**Activity:**
Write all entries out exactly, images excluded.

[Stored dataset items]
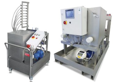
FIMRO 금형 냉각채널 및 스프레이 세척기
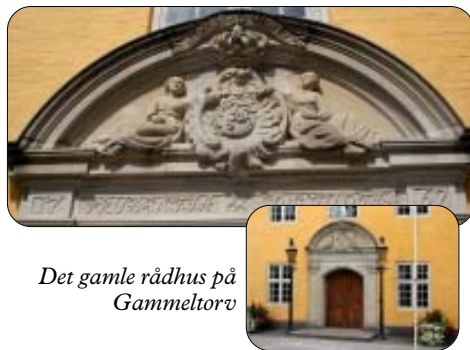
Det gamle rådhus på Gammelortorv

Husk tilmelding til stævnet i Mariager fra 18-24. juli. Se nærmere på Baptistkirkens hjemmeside
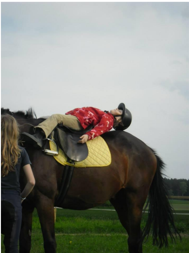
Obrázek 5. NZDM Prevence s Bonanzou - LPPJ
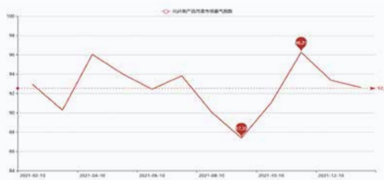
图2 盛泽化纤类产品月度市场景气指数走势图

分析可见,2021年12月总体成交气氛较11月小幅下降,大部分指标有所下降,这主要由于进入淡季延续了低迷行情,上下游产业链均出现下滑现象,原料、织造、印染等整个行业气氛回落,从而导致化纤类景气指数大幅下降。
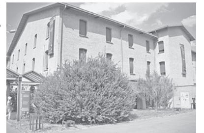
町中には世界遺産のような建物が

ポロニーヤ市の人口は38万人(私の住んでいる品川区とほぼ同じ)で、美術館や博物館などが37あり、そのどれもが第一級。ついでにいうと映画館が50、劇場が41、図書館はなんと73カ所。あまりの違いに呆然と
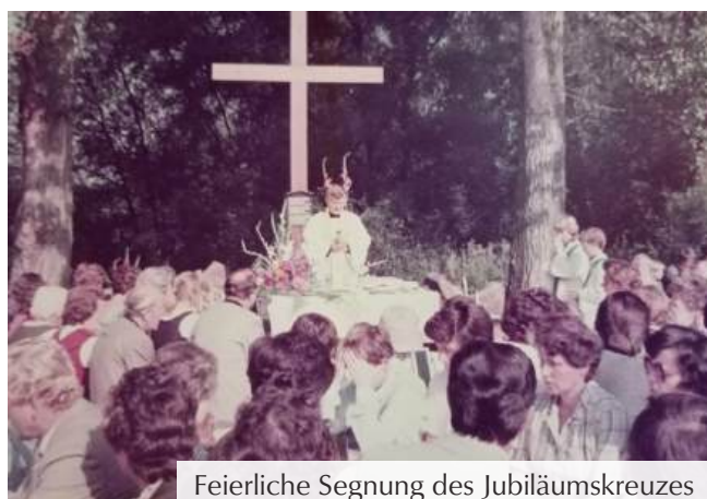
Feierliche Segnung des Jubiläumskreuzes

**Finished task:**
FIMRO 금형 냉각채널 및 스프레이 세척기
Det gamle rådhus på Gammelortorv

Husk tilmelding til stævnet i Mariager fra 18-24. juli. Se nærmere på Baptistkirkens hjemmeside
Obrázek 5. NZDM Prevence s Bonanzou - LPPJ
图2 盛泽化纤类产品月度市场景气指数走势图

分析可见,2021年12月总体成交气氛较11月小幅下降,大部分指标有所下降,这主要由于进入淡季延续了低迷行情,上下游产业链均出现下滑现象,原料、织造、印染等整个行业气氛回落,从而导致化纤类景气指数大幅下降。
町中には世界遺産のような建物が

ポロニーヤ市の人口は38万人(私の住んでいる品川区とほぼ同じ)で、美術館や博物館などが37あり、そのどれもが第一級。ついでにいうと映画館が50、劇場が41、図書館はなんと73カ所。あまりの違いに呆然と
Feierliche Segnung des Jubiläumskreuzes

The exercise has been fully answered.